BEGIN Records to use

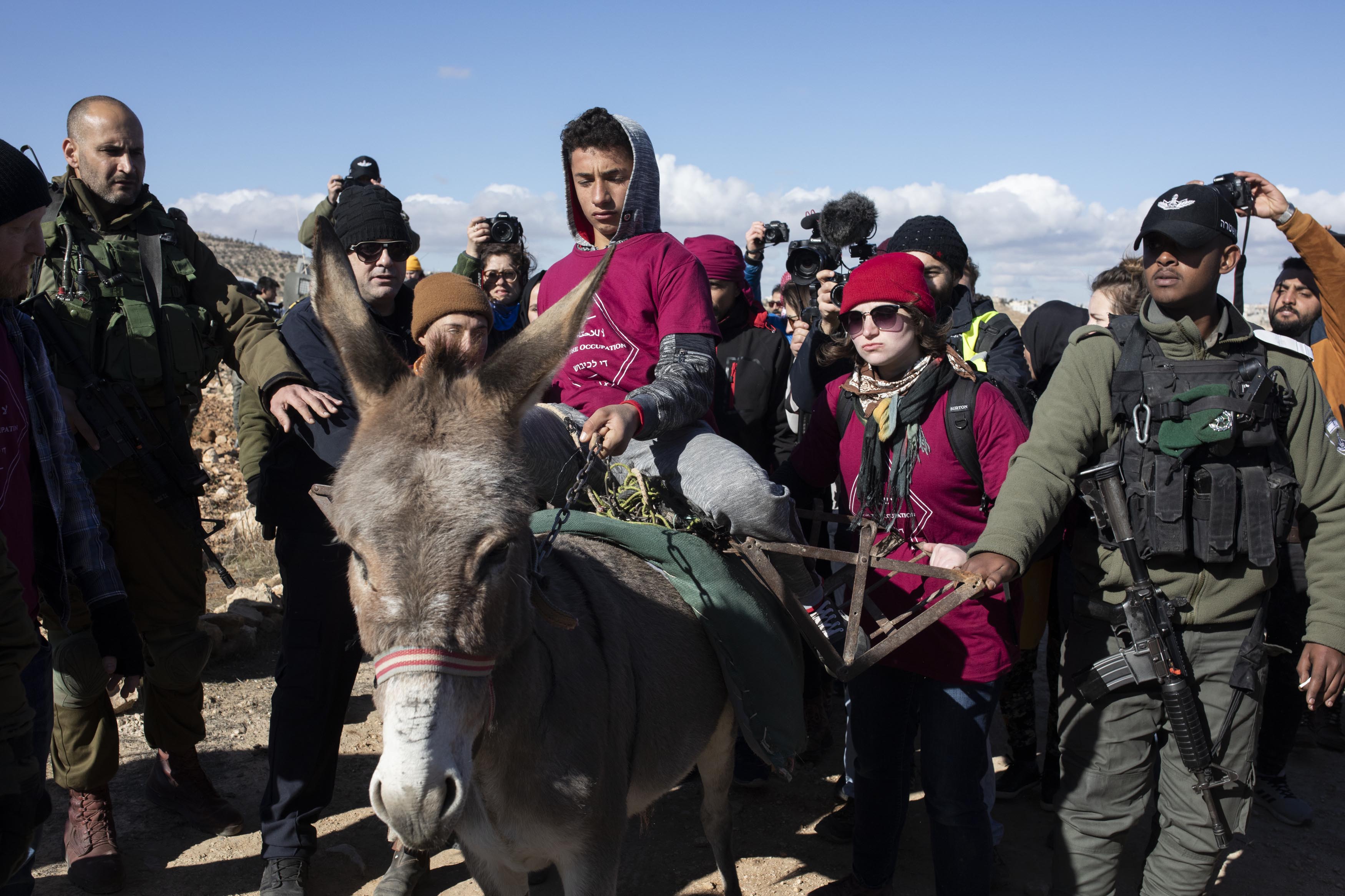 Attivisti palestinesi, israeliani e internazionali prendono parte a un’azione diretta per ripristinare l’accesso alla sorgente di Ein Albeida, South Hebron Hills, 3 gennaio 2020. (Oren Ziv / Activestills.org)
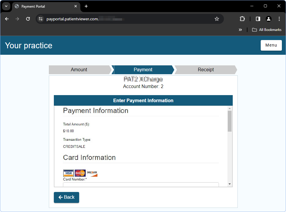 From here, patients can enter their card number and continue with payment. Screens and fields may vary depending on the payment processor.
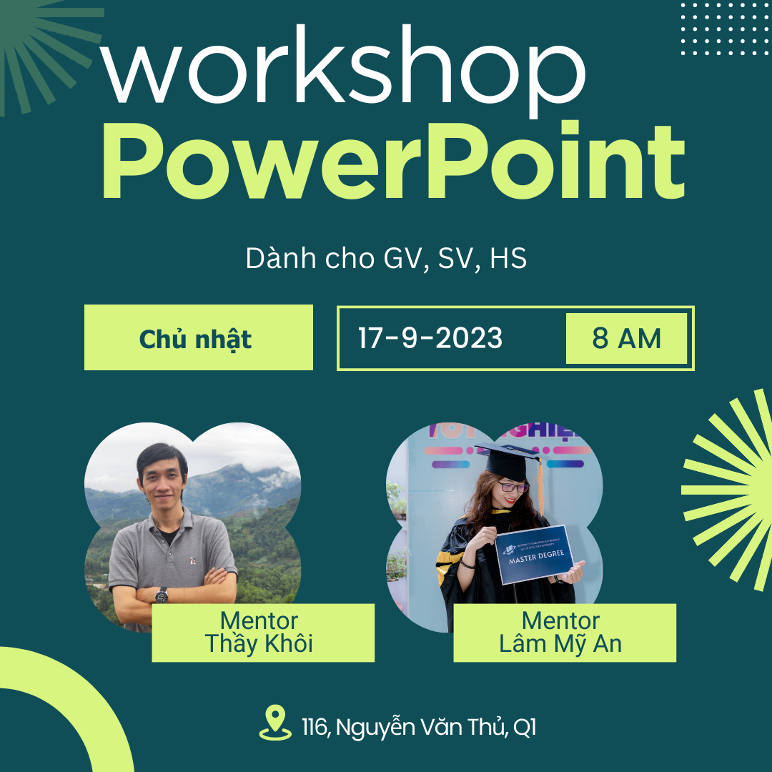 Trong buổi này, các mentor sẽ hướng dẫn quý thầy cô, các bạn học sinh, sinh viên các hiệu ứng bắt mắt nhưng dễ làm, gây ấn tượng tốt với người xem; hướng dẫn nơi tìm kiếm các nguồn tài nguyên để thiết kế bài trình chiếu; và thực hành tại chỗ theo cách cầm tay chỉ việc.
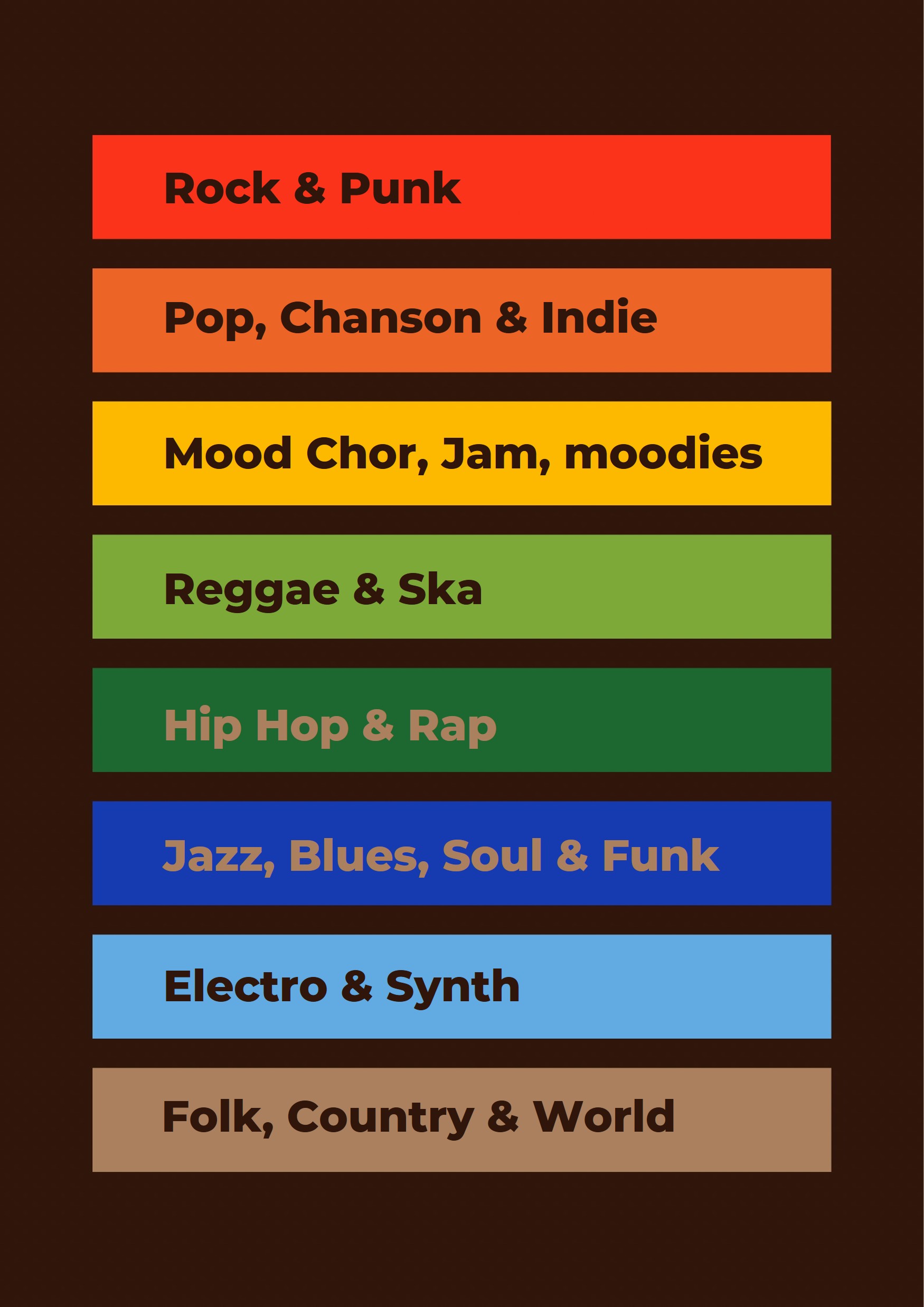 Wir haben jeder Hauptstilrichtung eine Farbe zugewiesen und beginnen diesen Monat die Farben den Veranstaltungen in der Programmvorschau zuzuordnen.
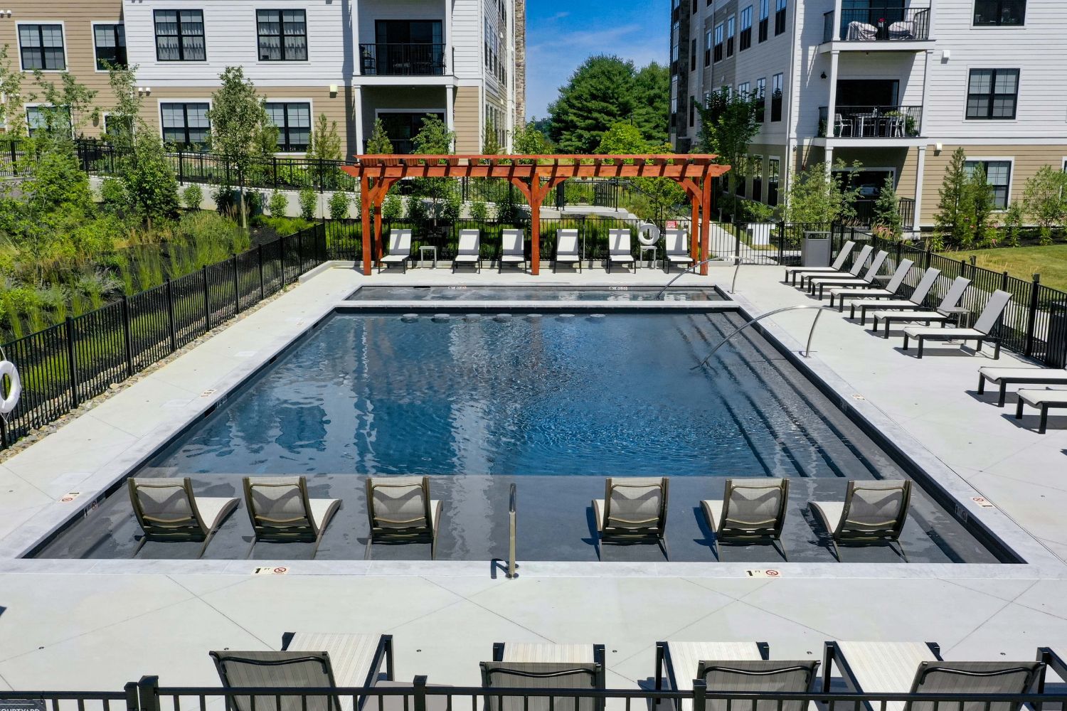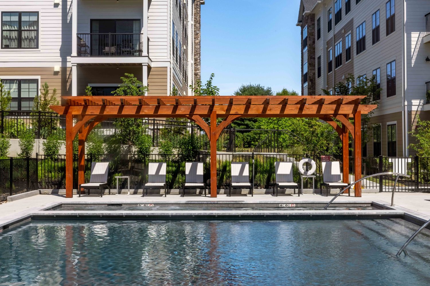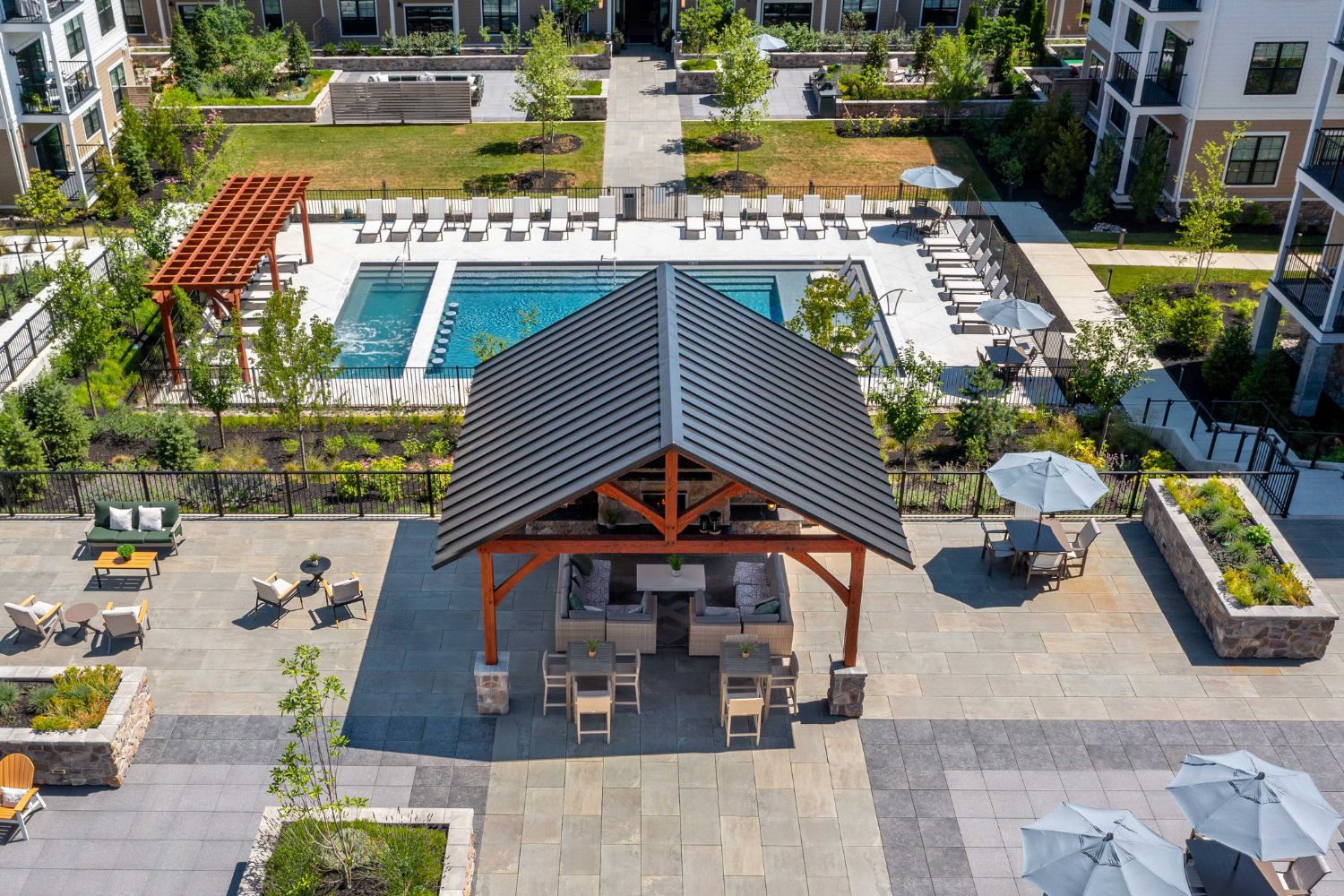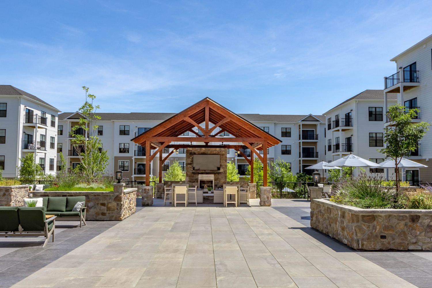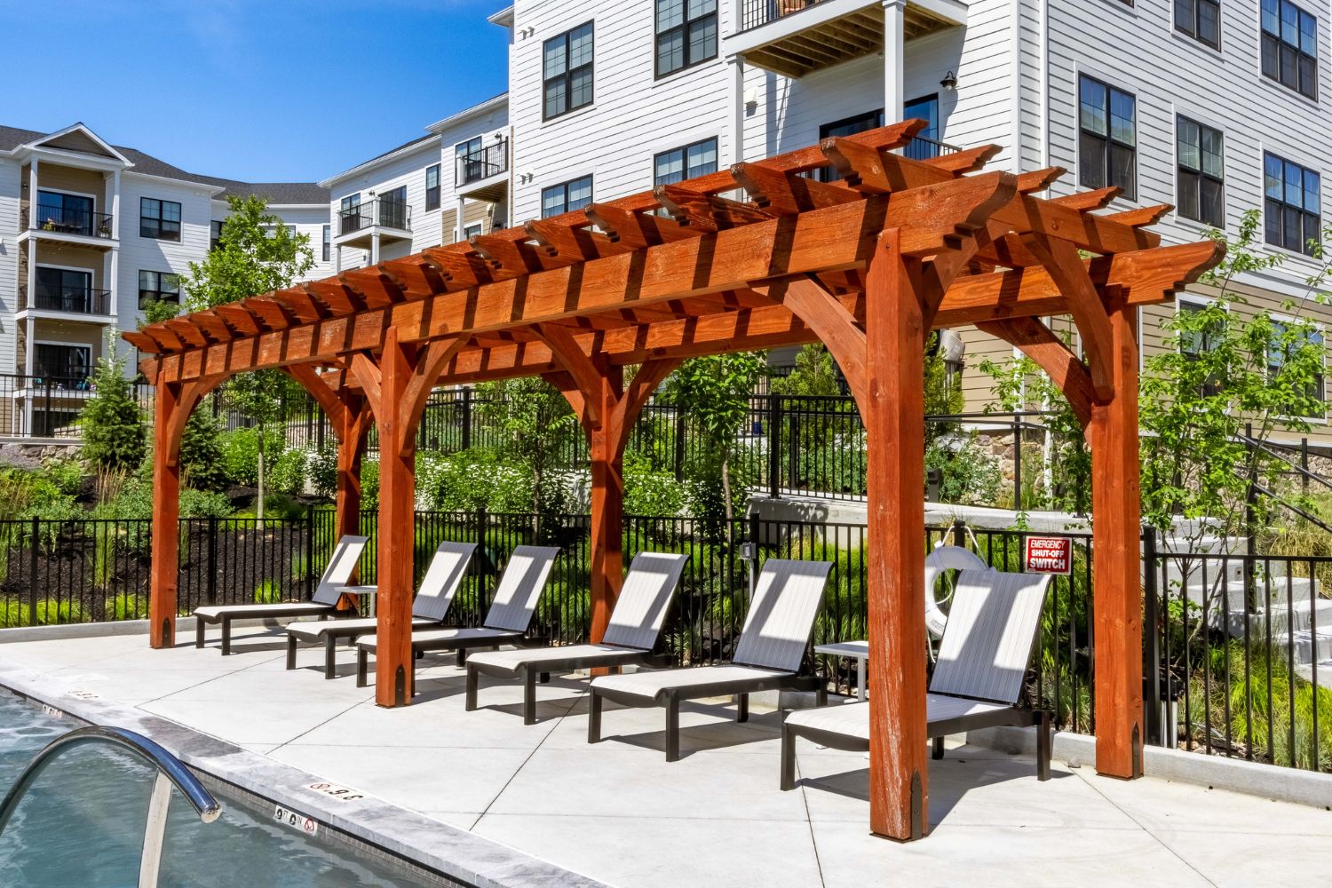 This apartment complex features both our 20×20 Kingston Pavilion and our 7×30 Boulder Pergola. The 20×20 Kingston Pavilion and 7×30 Boulder Pergola combo in Newtown Square, PA, creates a relaxation station of our wildest dreams. Sit poolside under the half-shade created by the Boulder Pergola and then relax under the cool shade created under the Kingston Pavilion. Or, in the cooler months, curl up by Kingston’s stone fireplace and TV.
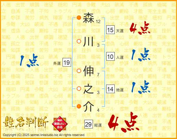 森(12画)川(3画) 伸(7画)之(3画)介(4画)
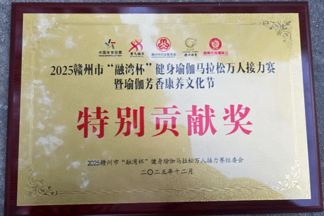 12月20日,2025赣州市第五届“融湾杯”健身瑜伽马拉松万人接力赛暨瑜伽芳香康养文化节在赣州蓉江新区举行。我校老年大学瑜伽班的学员们以饱满热情参与这场全民康养盛会,凭借在瑜伽公益推广中的突出贡献,荣获“赣州市瑜伽公益活动特别贡献奖”。
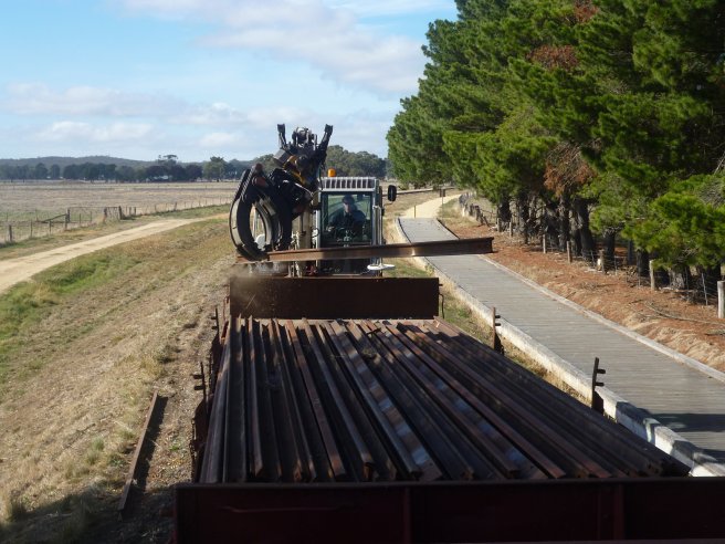 After lunch we’d finished the loading of the 60lb, so it was time to get some 80lb out for the next re-railing job. Seen here during afternoon tea at Muckleford.
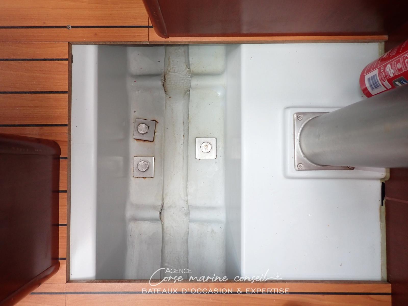 Table à carte sur tribord, placard et comptoir en enfilade sur tribord
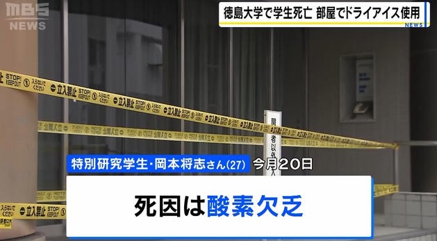 27岁特别研究生冈本将志,于低温培养室内因缺氧窒息死亡。
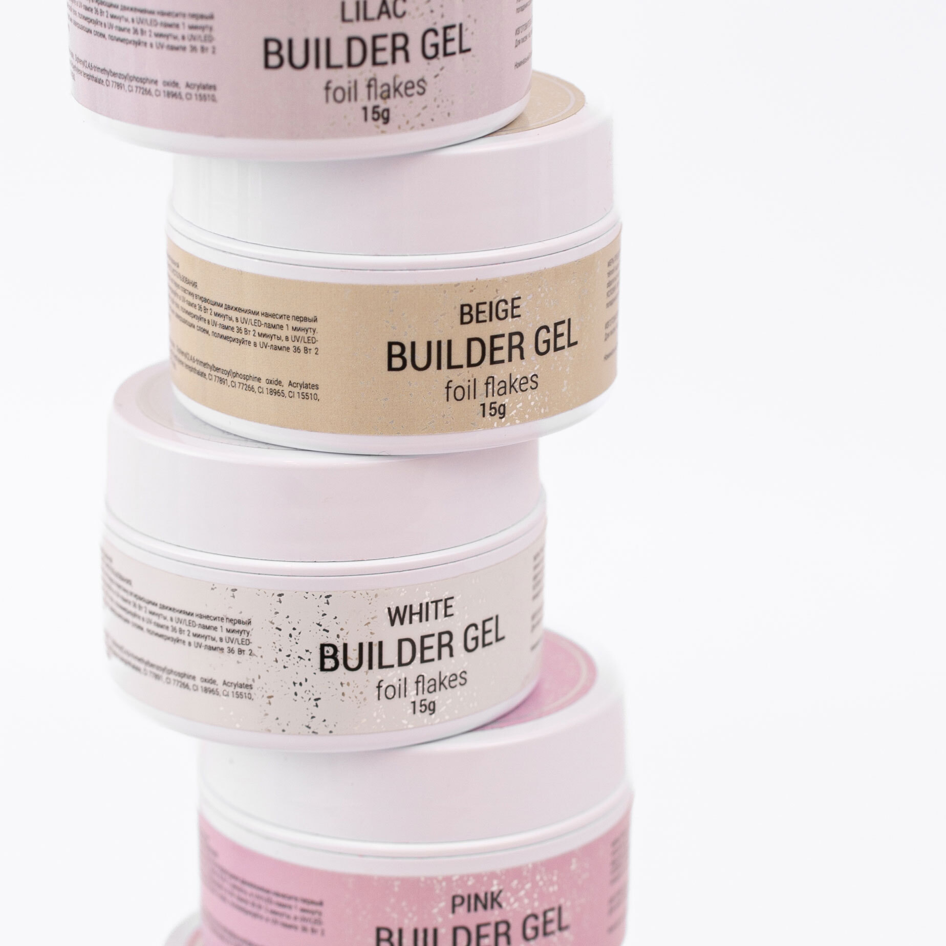 Коллекция нежных гелей с мелкой мерцающей серебряной поталью
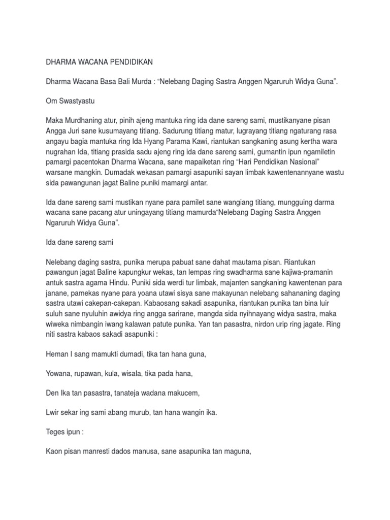 Contoh Teks Dharma Wacana Bahasa Bali Singkat - Berbagai Teks Penting

END Records to use

▶ _Your goal_: The whole listing above is to be printed exactly; the pictures stay out.

▶ _Answer box_:
 Attivisti palestinesi, israeliani e internazionali prendono parte a un’azione diretta per ripristinare l’accesso alla sorgente di Ein Albeida, South Hebron Hills, 3 gennaio 2020. (Oren Ziv / Activestills.org)
 From here, patients can enter their card number and continue with payment. Screens and fields may vary depending on the payment processor.
 Trong buổi này, các mentor sẽ hướng dẫn quý thầy cô, các bạn học sinh, sinh viên các hiệu ứng bắt mắt nhưng dễ làm, gây ấn tượng tốt với người xem; hướng dẫn nơi tìm kiếm các nguồn tài nguyên để thiết kế bài trình chiếu; và thực hành tại chỗ theo cách cầm tay chỉ việc.
 Wir haben jeder Hauptstilrichtung eine Farbe zugewiesen und beginnen diesen Monat die Farben den Veranstaltungen in der Programmvorschau zuzuordnen.
 This apartment complex features both our 20×20 Kingston Pavilion and our 7×30 Boulder Pergola. The 20×20 Kingston Pavilion and 7×30 Boulder Pergola combo in Newtown Square, PA, creates a relaxation station of our wildest dreams. Sit poolside under the half-shade created by the Boulder Pergola and then relax under the cool shade created under the Kingston Pavilion. Or, in the cooler months, curl up by Kingston’s stone fireplace and TV.
 森(12画)川(3画) 伸(7画)之(3画)介(4画)
 12月20日,2025赣州市第五届“融湾杯”健身瑜伽马拉松万人接力赛暨瑜伽芳香康养文化节在赣州蓉江新区举行。我校老年大学瑜伽班的学员们以饱满热情参与这场全民康养盛会,凭借在瑜伽公益推广中的突出贡献,荣获“赣州市瑜伽公益活动特别贡献奖”。
 After lunch we’d finished the loading of the 60lb, so it was time to get some 80lb out for the next re-railing job. Seen here during afternoon tea at Muckleford.
 Table à carte sur tribord, placard et comptoir en enfilade sur tribord
 27岁特别研究生冈本将志,于低温培养室内因缺氧窒息死亡。
 Коллекция нежных гелей с мелкой мерцающей серебряной поталью
 Contoh Teks Dharma Wacana Bahasa Bali Singkat - Berbagai Teks Penting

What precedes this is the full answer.